• Access to Diverse Datasets: Leverage high-quality, curated datasets for training and testing.
  • Preprocessed Data: Many datasets are formatted and ready to use.
  • Easy Integration: Directly imports into the platform without manual conversion.

This feature streamlines the process of working with established datasets, making it faster and more efficient to get started with data-driven experiments.


Steps to Import a Hugging Face Dataset

1. Access the Dataset Import Section

  • Navigate to the Datasets & Experiments section.

  • Click on “Add Dataset” to access dataset creation options.

  • Select “Import from Hugging Face” from the available choices.

2. Browse and Select a Dataset

  • The system presents a catalog of datasets sourced from Hugging Face.
  • Each dataset includes key metadata such as:
    • Dataset Name (e.g., databricks-dolly-15k)
    • Source (e.g., OpenAI, Hugging Face, Microsoft)
    • Record Count
    • Usage Popularity and Metadata
  • Use the search functionality to locate a specific dataset.

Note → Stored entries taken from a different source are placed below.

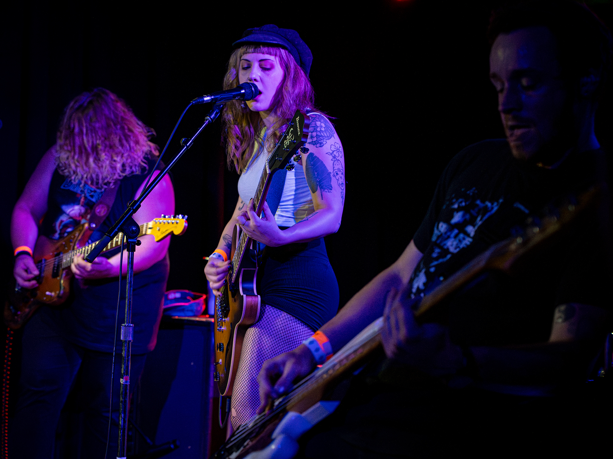 Having seen Anita Velveeta perform many times, I am so excited to finally get to write about her! Anita always brings the most charismatic energy to her sets which really allows the audience to settle into the show and let loose. The singer confidently talked with the audience as if we were long time friends. Many of her songs touch on social issues, like her song “Terfs Will Not Get Into Heaven” which got the crowd riled up and ready to mosh. The artist was supported by John O’ Brien on guitar, Jake Berglove on bass, and Benjamin O’Malley on drums. The band seemed extremely practiced and in sync while shredding away on their respective instruments.
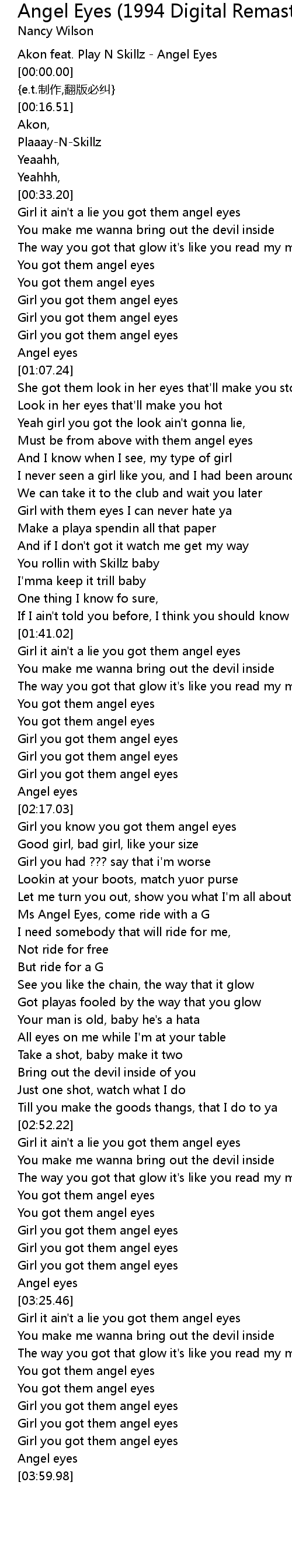 | [02:52.46] | Girl it ain' t a lie you got them angel eyes |
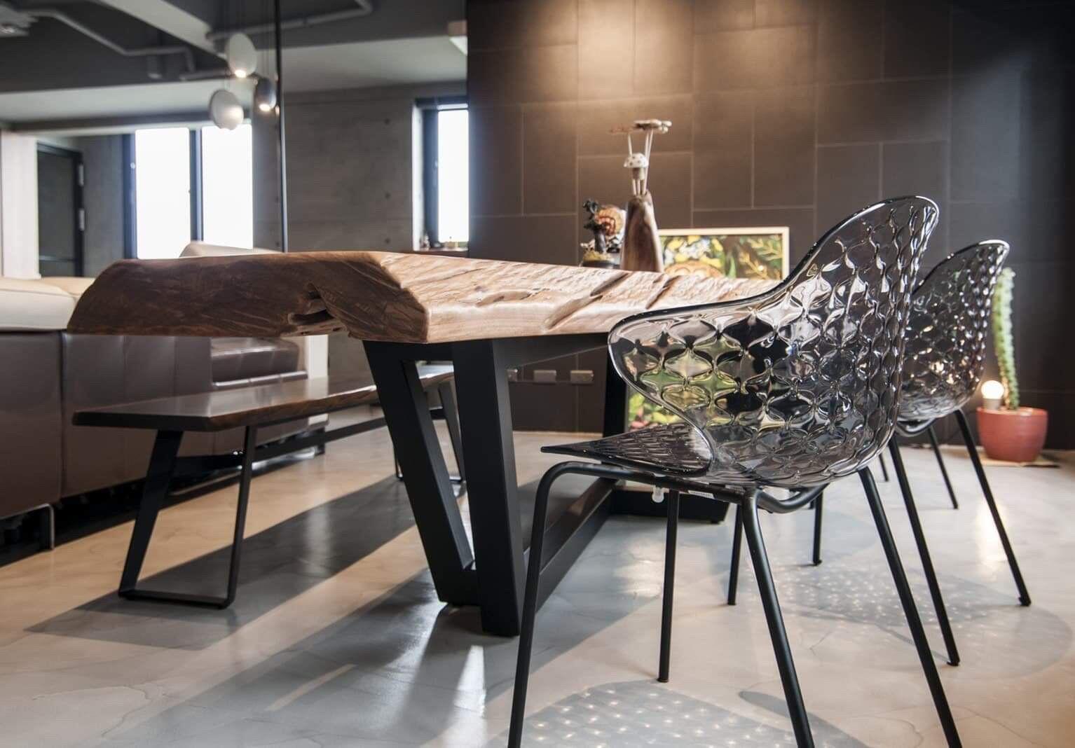 了解每片桌板特性跟尺寸,將不同樹種及顏色 完美融入這空間
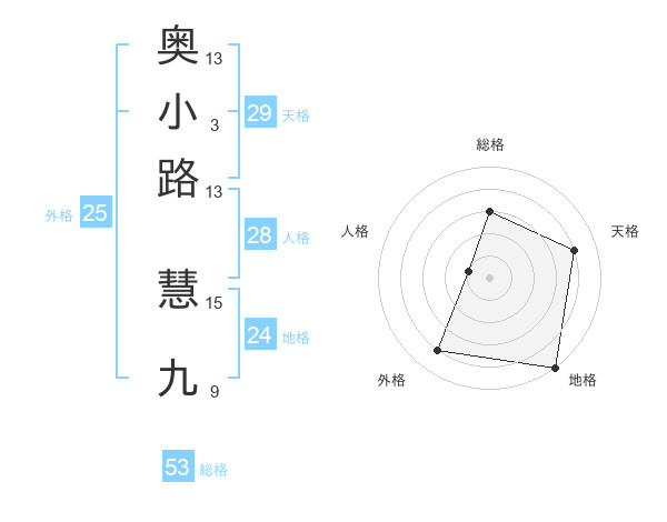 奥小路 慧九さんの総格は53画の3点!
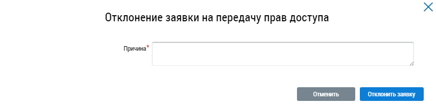 В отобразившемся окне Отклонение заявки на передачу прав доступа введите причину и нажмите на кнопку Отклонить заявку.
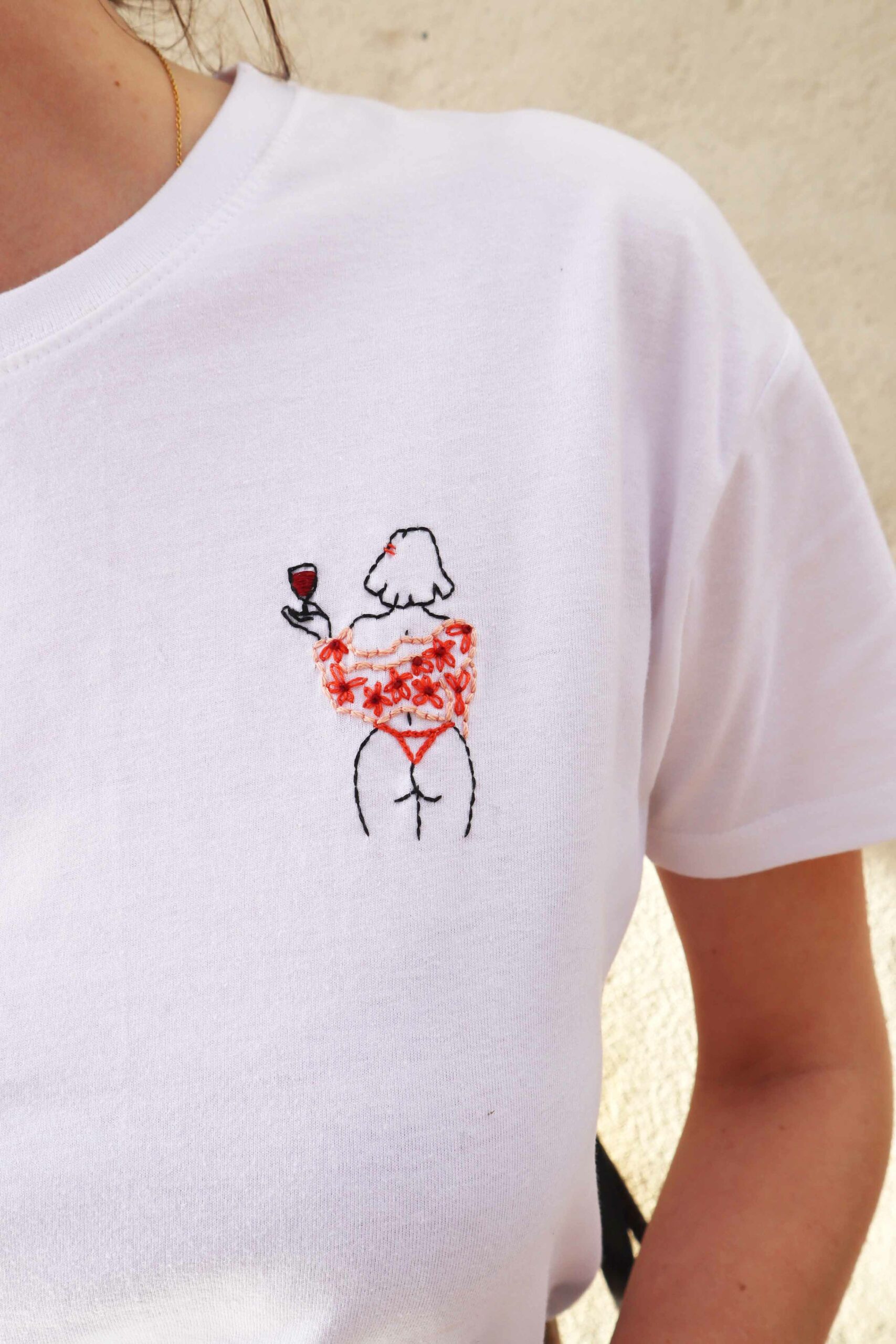 T-shirt unisexe 100% coton brodé à la main
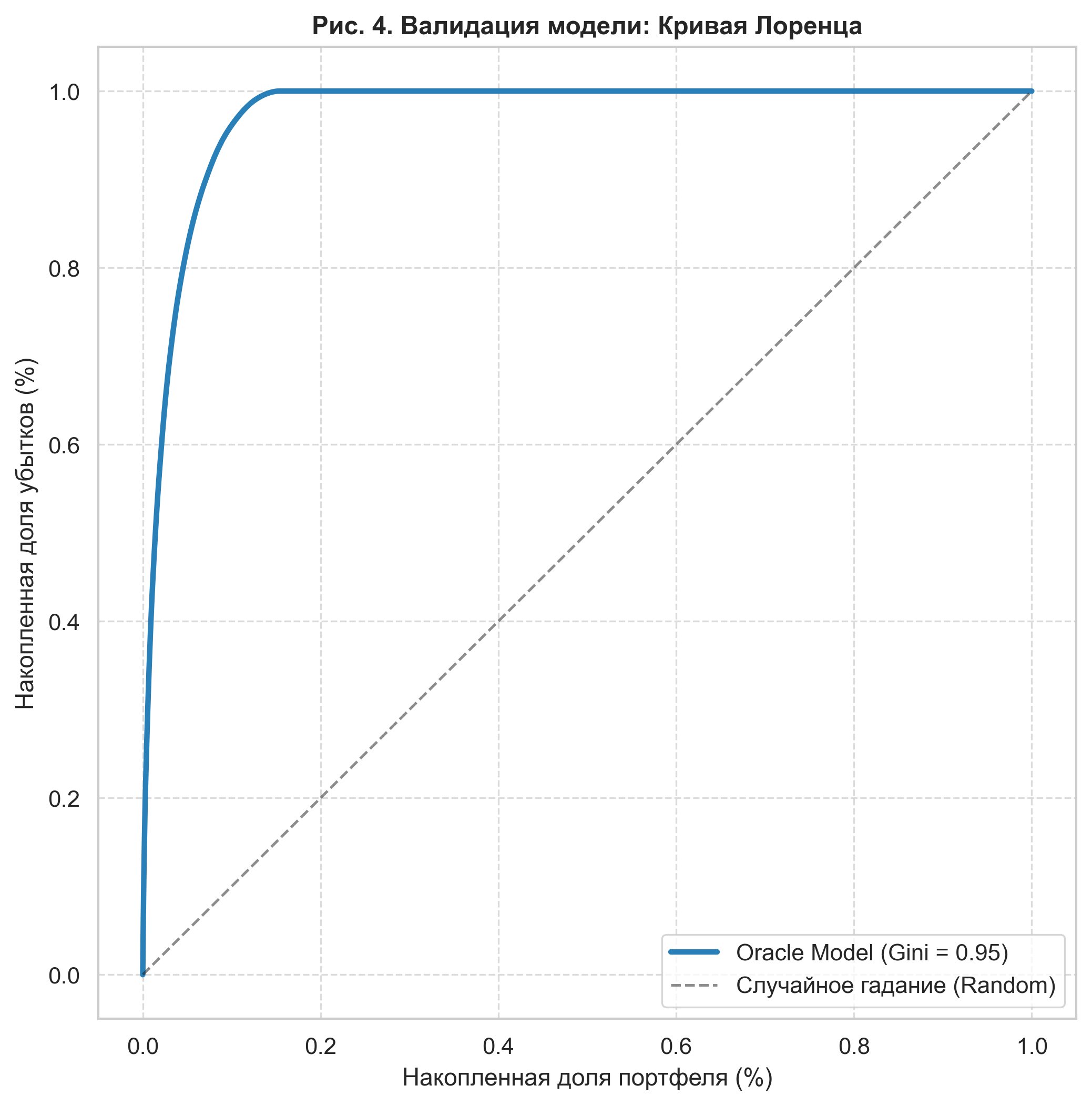 The calculated Gini value for the Oracle (0.95) indicates a high discriminatory power of the model and confirms that the synthetic dataset reproduces the risk structure with "heavy tails" characteristic of real economic systems.

3. Configure Dataset Parameters

  • Upon selection, a configuration panel appears displaying:
    • Dataset Overview: Summary, source, and dataset reference link.

    • Subset Selection: Options include Default, Train, or Split.

    • Number of Rows: Specify the number of records to be imported.

    • Additional Preferences: Optionally enable “Add selected rows” for precise filtering.

4. Initiate the Import Process

  • Click “Start Experimenting” to commence the dataset ingestion.
  • The imported dataset will be available in the Datasets & Experiments section for further processing and utilization.